Line 288: Then we "teat" the search performance. ???
Line 288: There are two "type" of time range . Please use "types"
Miscellaneous:
Section 5 is titled "Experiment". I would suggest something like "Experimental Evaluation"
Author Response
Thank you for your comments. Please see the attachment (combined response-letter.pdf, revision.pdf, and diff.pdf).
Author Response File: Author Response.pdf
Reviewer 3 Report
Comments and Suggestions for AuthorsThis manuscript suffers from notable deficiencies in presenting a coherent background and articulating the specific problems it seeks to resolve, resulting in a lack of clarity for the reader. The document requires elucidation on the following aspects:
- What constitutes the content of the stored data? Is it a singular, temporally evolving location dataset or multiple streams of data?
- How are R-trees constructed? What methods are employed for data addition, removal, and retrieval?
- The experimental and comparative research should primarily focus on evaluating the proposed approach against other storage structures.
Author Response
Thank you for your comments. Please see the attachment (combined response-letter.pdf, revision.pdf, and diff.pdf).
Author Response File: Author Response.pdf
Round 2
Reviewer 1 Report
Comments and Suggestions for AuthorsI am satisfied with the author's response to my first round review.
Author Response
We would like to thank you for your valuable comments and advice in improving the manuscript.
Reviewer 2 Report
Comments and Suggestions for AuthorsThanks for addressing the comments of the reviewers.
Comment #1
In the experimental section, results of experiments of KDtree are presented in Fig 8. What is this KD-tree? No explanations about it has been provided. You have 2 options to correct this issue:
1) Explain what is a KD-Tree, as you did it with the other types of indexes
2) Remove KD-Tree from the charts, and other references.
Comment #2
Figure 8.A and Fig 9.A look significatively different, after re-running the experiments. You have updated the charts; however, the discussion have not been updated, after the change of results.
Author Response
We would like to thank you for your valuable comments and advice in improving the manuscript.

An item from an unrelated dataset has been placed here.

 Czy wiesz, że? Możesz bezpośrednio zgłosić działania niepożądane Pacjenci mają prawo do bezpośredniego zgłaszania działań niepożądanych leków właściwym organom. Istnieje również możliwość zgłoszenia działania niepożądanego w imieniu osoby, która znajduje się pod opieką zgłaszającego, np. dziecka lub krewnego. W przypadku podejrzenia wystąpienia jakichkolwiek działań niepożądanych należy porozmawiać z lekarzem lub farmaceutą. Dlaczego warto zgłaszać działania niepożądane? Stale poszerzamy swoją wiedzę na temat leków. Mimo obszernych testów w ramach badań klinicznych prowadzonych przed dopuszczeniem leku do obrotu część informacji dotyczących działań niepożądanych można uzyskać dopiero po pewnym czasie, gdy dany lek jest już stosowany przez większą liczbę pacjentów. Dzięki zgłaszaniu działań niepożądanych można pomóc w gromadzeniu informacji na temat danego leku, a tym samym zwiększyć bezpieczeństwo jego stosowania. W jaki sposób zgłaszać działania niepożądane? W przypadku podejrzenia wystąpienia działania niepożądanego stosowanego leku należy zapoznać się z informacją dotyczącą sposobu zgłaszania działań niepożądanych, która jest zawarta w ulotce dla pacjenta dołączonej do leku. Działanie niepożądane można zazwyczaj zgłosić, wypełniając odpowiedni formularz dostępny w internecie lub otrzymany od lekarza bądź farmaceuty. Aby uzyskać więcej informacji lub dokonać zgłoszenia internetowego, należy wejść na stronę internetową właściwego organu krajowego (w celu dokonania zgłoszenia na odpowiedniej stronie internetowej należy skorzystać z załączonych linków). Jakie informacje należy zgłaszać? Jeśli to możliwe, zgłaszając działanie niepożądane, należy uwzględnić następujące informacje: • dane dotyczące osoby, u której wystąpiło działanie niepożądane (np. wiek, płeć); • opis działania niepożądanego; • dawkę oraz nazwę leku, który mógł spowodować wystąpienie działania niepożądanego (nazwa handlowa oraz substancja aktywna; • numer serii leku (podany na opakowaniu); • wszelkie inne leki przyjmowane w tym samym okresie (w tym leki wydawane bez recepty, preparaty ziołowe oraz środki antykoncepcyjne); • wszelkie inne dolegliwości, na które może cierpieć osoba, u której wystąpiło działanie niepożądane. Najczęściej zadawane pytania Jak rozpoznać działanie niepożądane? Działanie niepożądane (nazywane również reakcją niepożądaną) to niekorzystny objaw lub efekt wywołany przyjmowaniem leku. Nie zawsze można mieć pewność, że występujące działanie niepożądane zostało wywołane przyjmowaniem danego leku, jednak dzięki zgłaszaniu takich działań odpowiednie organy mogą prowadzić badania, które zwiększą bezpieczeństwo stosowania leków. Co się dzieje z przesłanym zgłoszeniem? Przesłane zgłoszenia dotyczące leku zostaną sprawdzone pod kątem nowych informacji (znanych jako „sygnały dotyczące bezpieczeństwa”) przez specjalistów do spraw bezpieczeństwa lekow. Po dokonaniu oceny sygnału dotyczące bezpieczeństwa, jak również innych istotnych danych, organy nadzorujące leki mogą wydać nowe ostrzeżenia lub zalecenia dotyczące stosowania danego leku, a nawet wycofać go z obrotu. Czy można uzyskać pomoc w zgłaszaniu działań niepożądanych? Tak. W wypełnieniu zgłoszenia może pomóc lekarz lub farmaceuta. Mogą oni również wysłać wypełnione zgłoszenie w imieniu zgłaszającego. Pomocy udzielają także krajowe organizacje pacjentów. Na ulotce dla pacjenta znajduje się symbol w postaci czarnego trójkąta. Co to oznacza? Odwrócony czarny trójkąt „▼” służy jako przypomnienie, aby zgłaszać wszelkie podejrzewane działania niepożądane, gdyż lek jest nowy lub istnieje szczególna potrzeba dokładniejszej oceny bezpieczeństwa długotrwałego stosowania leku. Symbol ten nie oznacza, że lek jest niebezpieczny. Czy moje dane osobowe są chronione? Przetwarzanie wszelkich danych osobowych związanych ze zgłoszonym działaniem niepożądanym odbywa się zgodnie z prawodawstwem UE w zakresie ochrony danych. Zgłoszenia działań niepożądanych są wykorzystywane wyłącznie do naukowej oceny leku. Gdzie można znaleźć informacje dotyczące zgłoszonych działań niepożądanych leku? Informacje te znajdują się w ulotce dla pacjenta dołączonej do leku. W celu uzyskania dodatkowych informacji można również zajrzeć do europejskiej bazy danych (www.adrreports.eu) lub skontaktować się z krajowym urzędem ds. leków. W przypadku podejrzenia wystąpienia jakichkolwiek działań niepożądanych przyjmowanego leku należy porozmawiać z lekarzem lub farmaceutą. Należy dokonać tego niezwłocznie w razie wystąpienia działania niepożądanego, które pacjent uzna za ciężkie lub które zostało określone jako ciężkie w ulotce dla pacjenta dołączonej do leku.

Comments #1: In the experimental section, the results of experiments of KDtree are presented in Fig 8. What is this KD-tree? No explanations about it have been provided.
In line 264, an explanation is appended, "Kd-tree (a K-dimension tree for 2D attribute)".

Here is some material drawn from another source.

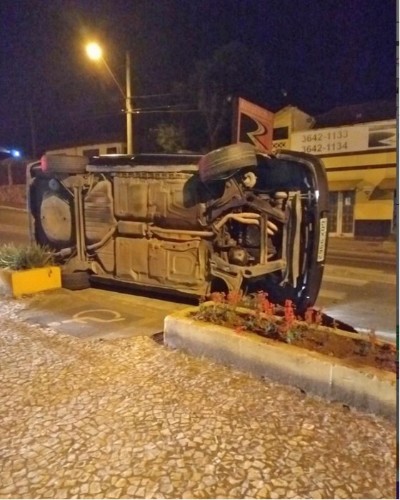 O motorista do veÃculo Monza de 29 anos de idade, veio a perder o controle do mesmo e acabou capotando na via. A equipe da PM perguntou seu o motorista aceitaria realizar o teste de bafômetro e o mesmo não se recusou o qual deu resultado positivo, acusando 0,71 mg/L de álcool no sangue.

Comments #2: Figure 8.A and Fig 9.A look significatively different, after re-running the experiments. You have updated the charts; however, the discussion has not been updated, after the change of results.
With the experimental environment changed, the relative coordination of curves in Fig 8 and Fig 9 have not been changed but are more stable. The total time costs have a consistent reduction. The change in results doesn't impact the origin discussion. We are sorry that the lack of explanation in the previous response led to this misunderstanding.

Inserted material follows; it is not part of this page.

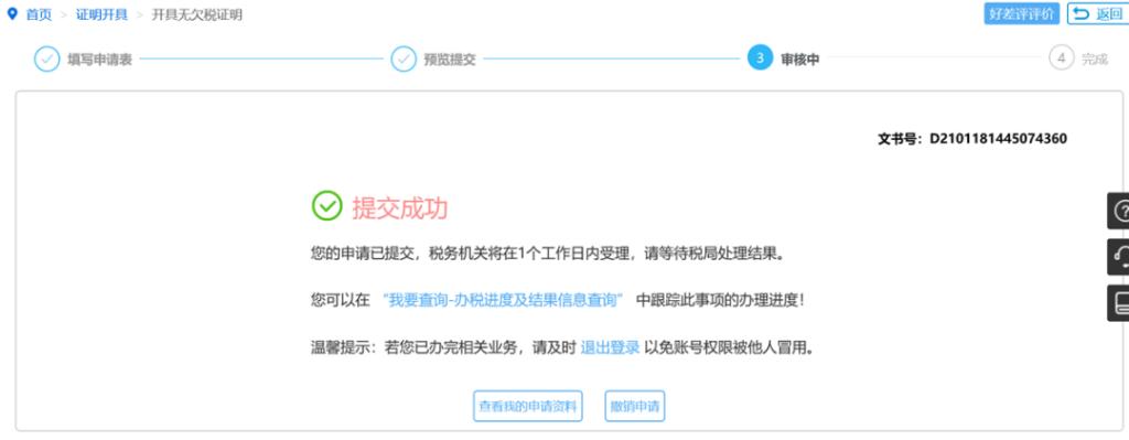 提交成功的事项可以在“我要查询”---“办税进度及结果信息查询”中进行查询受理状态

Author Response File: Author Response.pdf
Reviewer 3 Report
Comments and Suggestions for AuthorsAn efficient spatio-temporal indexing model for Streaming Processing is proposed, but how to integrate with existing database systems needs further research.
Author Response
We would like to thank you for your valuable comments and advice in improving the manuscript. And your suggestion has motivated our future research. We will try our best to respond to your expectation.